X

Researchers mine tweets in search of health trends

Computer scientists feed 2 billion public tweets into computers, filter out the 1.5 million that mention health issues, and uncover patterns about the flu, allergies, cancer, insomnia, depression, and more.

Elizabeth Armstrong Moore
Elizabeth Armstrong Moore is based in Portland, Oregon, and has written for Wired, The Christian Science Monitor, and public radio. Her semi-obscure hobbies include climbing, billiards, board games that take up a lot of space, and piano.
Elizabeth Armstrong Moore
2 min read

The explosion of social media has given researchers a lot of data to mine and trends to identify, but two computer scientists at Johns Hopkins University say they've developed sophisticated filtering software that is attracting particular attention from public health officials.

Johns Hopkins computer scientists Mark Dredze, left, and Michael J. Paul say that Twitter posts can provide useful public health information. Will Kirk

Twitter, which launched five years ago, has already been used by computer scientists to try to track the flu.

But when Johns Hopkins University computer scientists Mark Dredze and Michael Paul devised a method to filter and categorize health-related tweets, they weren't sure what they might find. So they decided to sort the tweets (they filtered 1.5 million health-related tweets from a sample of 2 billion) into electronic, ailment-specific "piles."
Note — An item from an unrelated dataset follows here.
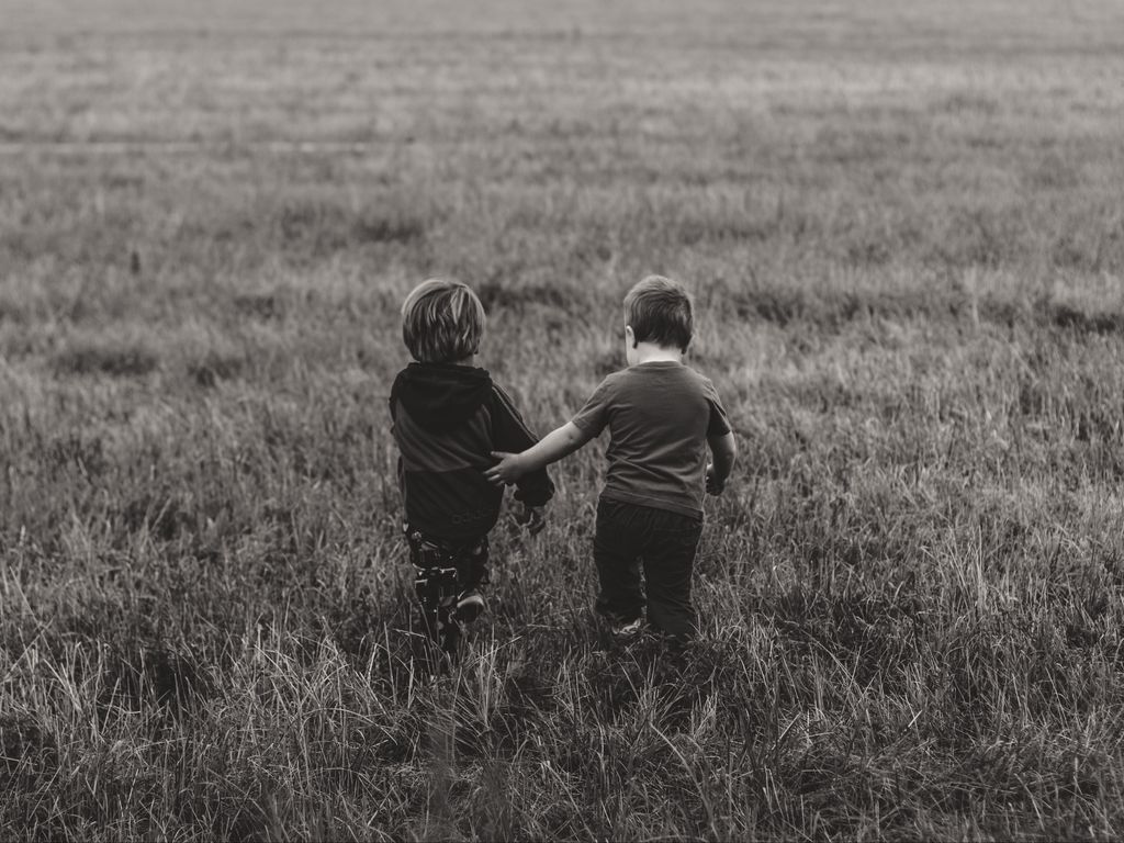 1024x768 дети, пара, поле, прогулка, дружба, чб обои стандарт 4:3

"There have been some narrow studies using Twitter posts, for example, to track the flu," Dredze said in a news release. "But to our knowledge, no one has ever used tweets to look at as many health issues as we did."

From cancer and allergies to insomnia and depression, the duo was able to glean information about where people were sick with what and how they were coping.

There are, of course, several inherent limitations, not least of which is that tweets are little acts of self-reporting. People can tweet that they are home with the flu for the benefit of the boss--right from the comfort of their picnic blanket--and the program would have no way of telling fact from fiction.

Furthermore, any trends identified via tweets are just that: Twitter trends. The researchers admit to this, cautioning that the data represent those who tweet, and therefore capture far less about, for instance, the elderly.

There's also the issue of discretion. The vast majority of health-related tweets were fairly innocuous, i.e.: "Had to pop a Benadryl...allergies are the worst." There are simply fewer tweets on health trends about which people feel shy or ashamed, such as STDs, abuse, eating disorders, and more.

Still, within the limitations of tracking Twitter trends, some useful information can be gleaned. For instance, in some 200,000 of the 1.5 million health-related tweets, the researchers were able to draw on user-provided public information to determine location and track trends by time and place--i.e. when allergy and flu seasons peaked (at least among tweeters) in various parts of the country.

Dredze and Paul will be presenting their findings on July 18 at the International Conference on Weblogs and Social Media in Barcelona. Expect any news and trends from the event to be tweeted.